Indeed, Section 6, Canon 6 of the New Code of Judicial Conduct for the
Philippine Judiciary clearly enjoins that:

Section 6. Judges shall maintain order and decorum in all
proceedings before the court and be patient, dignified and courteous
in relation to litigants, witnesses, lawyers and others with whom the
judge deals in an official capacity. Judges shall require similar conduct
of legal representatives, court staff and others subject to their influence,
direction or control.

We point out that publicizing professional qualifications or boasting of
having studied in and graduated from certain law schools, no matter how
prestigious, might have even revealed, on the part of Justice Ong and Justice
Hernandez, their bias for or against some lawyers. Their conduct was
impermissible, consequently, for Section 3, Canon 4 of theNew Code of Judicial
Conduct for the Philippine Judiciary, demands that judges avoid situations that
may reasonably give rise to the suspicion or appearance of favoritism or partiality
in their personal relations with individual members of the legal profession who
practice regularly in their courts.

Judges should be dignified in demeanor, and refined in speech.

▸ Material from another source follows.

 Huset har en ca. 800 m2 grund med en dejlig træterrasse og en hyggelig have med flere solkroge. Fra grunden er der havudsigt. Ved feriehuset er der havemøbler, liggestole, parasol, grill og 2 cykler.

In
performing their judicial duties, they should not manifest bias or prejudice by word
or conduct towards any person or group on irrelevant grounds.
[30]
It is very
essential that they should live up to the high standards their noble position on the
Bench demands. Their language must be guarded and measured, lest the best of
intentions be misconstrued. In this regard, Section 3, Canon 5 of the New Code of
Judicial Conduct for the Philippine Judiciary, mandates judges to carry out
judicial duties with appropriate consideration for all persons, such as the parties,
witnesses, lawyers, court staff, and judicial colleagues, without differentiation on
any irrelevant ground, immaterial to the proper performance of such duties.

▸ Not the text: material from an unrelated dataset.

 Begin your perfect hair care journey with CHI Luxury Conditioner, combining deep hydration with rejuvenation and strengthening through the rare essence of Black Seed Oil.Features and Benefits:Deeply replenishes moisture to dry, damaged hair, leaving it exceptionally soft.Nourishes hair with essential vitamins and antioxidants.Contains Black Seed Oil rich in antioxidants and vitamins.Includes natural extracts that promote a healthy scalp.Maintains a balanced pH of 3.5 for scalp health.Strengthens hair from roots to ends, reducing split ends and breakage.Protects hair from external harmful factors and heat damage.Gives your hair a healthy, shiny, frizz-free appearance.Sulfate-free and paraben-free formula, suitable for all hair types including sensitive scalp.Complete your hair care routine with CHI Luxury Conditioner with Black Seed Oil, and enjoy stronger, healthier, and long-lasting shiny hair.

It becomes timely to reiterate that an honorable, competent and independent
Judiciary exists to administer justice in order to promote the stability of
government and the well-being of the people.
[34]
We warn, therefore, that no
conduct, act, or omission on the part of anyone involved in the administration
of justice that violates the norm of public accountability and diminishes the
faith of the people in the Judiciary shall be countenanced.
[35]
Public confidence
in the judicial system and in the moral authority and integrity of the Judiciary is
of utmost importance in a modern democratic society; hence, it is essential for
all judges, individually and collectively, to respect and honor the judicial office
as a public trust and to strive to enhance and maintain confidence in the
judicial system.
[36]
Asst. Special Prosecutor III Rodriguez vs. Justices Ong, et., al., A.M.